MATERIAL PROVIDED ::
- Opening Delimiter -

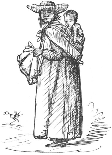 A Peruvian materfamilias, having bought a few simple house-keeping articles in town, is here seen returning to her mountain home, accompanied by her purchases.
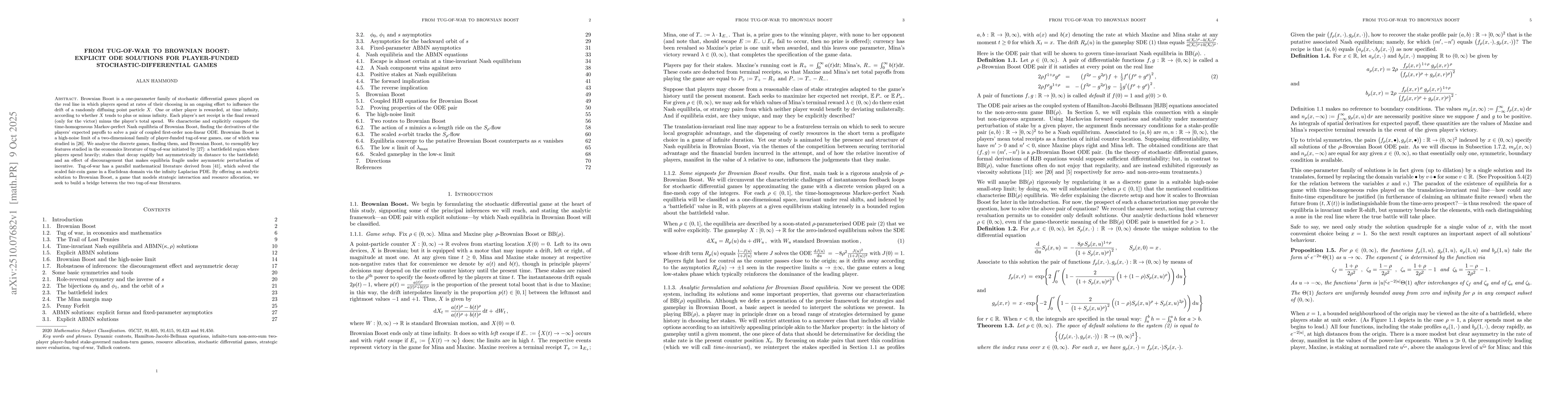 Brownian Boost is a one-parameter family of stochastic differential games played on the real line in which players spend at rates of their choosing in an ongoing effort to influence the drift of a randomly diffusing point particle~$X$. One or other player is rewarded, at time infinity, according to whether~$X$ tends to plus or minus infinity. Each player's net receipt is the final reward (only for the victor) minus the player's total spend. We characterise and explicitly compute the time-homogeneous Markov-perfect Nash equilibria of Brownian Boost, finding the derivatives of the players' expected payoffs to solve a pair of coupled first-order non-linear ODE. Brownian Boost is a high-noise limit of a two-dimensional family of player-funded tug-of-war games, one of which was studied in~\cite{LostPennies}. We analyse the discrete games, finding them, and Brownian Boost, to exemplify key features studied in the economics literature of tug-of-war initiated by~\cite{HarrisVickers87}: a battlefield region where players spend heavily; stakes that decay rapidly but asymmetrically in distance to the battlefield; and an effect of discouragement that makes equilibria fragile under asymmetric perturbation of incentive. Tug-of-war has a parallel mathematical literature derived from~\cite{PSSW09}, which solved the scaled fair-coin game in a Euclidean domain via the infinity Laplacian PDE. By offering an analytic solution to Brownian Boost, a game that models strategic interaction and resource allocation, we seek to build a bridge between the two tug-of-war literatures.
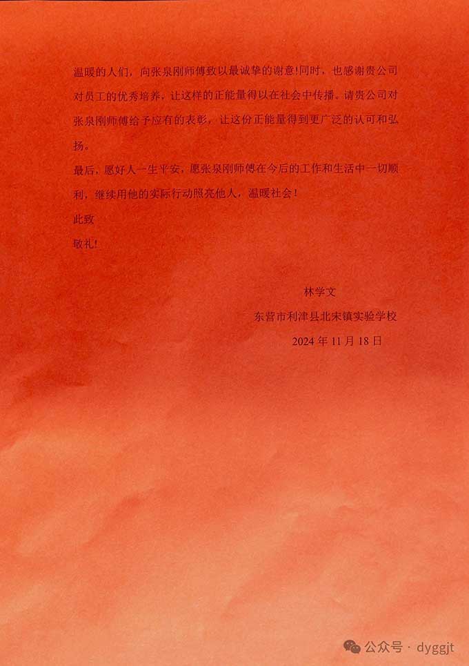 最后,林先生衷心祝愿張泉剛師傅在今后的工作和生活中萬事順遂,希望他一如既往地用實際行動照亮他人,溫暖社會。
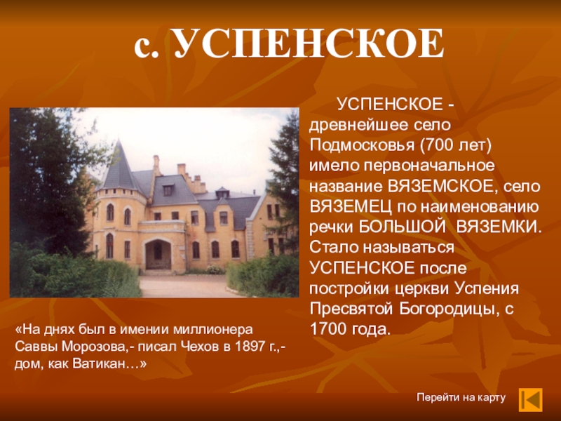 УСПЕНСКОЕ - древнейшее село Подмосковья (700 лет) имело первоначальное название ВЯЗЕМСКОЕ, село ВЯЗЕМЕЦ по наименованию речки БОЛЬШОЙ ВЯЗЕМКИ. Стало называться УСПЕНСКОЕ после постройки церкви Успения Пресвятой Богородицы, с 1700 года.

- Closing Delimiter -

WHAT TO PRODUCE :: Keep the pictures out while you retype all of the data above exactly as it appears.

WRITTEN REPLY ::
 A Peruvian materfamilias, having bought a few simple house-keeping articles in town, is here seen returning to her mountain home, accompanied by her purchases.
 Brownian Boost is a one-parameter family of stochastic differential games played on the real line in which players spend at rates of their choosing in an ongoing effort to influence the drift of a randomly diffusing point particle~$X$. One or other player is rewarded, at time infinity, according to whether~$X$ tends to plus or minus infinity. Each player's net receipt is the final reward (only for the victor) minus the player's total spend. We characterise and explicitly compute the time-homogeneous Markov-perfect Nash equilibria of Brownian Boost, finding the derivatives of the players' expected payoffs to solve a pair of coupled first-order non-linear ODE. Brownian Boost is a high-noise limit of a two-dimensional family of player-funded tug-of-war games, one of which was studied in~\cite{LostPennies}. We analyse the discrete games, finding them, and Brownian Boost, to exemplify key features studied in the economics literature of tug-of-war initiated by~\cite{HarrisVickers87}: a battlefield region where players spend heavily; stakes that decay rapidly but asymmetrically in distance to the battlefield; and an effect of discouragement that makes equilibria fragile under asymmetric perturbation of incentive. Tug-of-war has a parallel mathematical literature derived from~\cite{PSSW09}, which solved the scaled fair-coin game in a Euclidean domain via the infinity Laplacian PDE. By offering an analytic solution to Brownian Boost, a game that models strategic interaction and resource allocation, we seek to build a bridge between the two tug-of-war literatures.
 最后,林先生衷心祝愿張泉剛師傅在今后的工作和生活中萬事順遂,希望他一如既往地用實際行動照亮他人,溫暖社會。
 УСПЕНСКОЕ - древнейшее село Подмосковья (700 лет) имело первоначальное название ВЯЗЕМСКОЕ, село ВЯЗЕМЕЦ по наименованию речки БОЛЬШОЙ ВЯЗЕМКИ. Стало называться УСПЕНСКОЕ после постройки церкви Успения Пресвятой Богородицы, с 1700 года.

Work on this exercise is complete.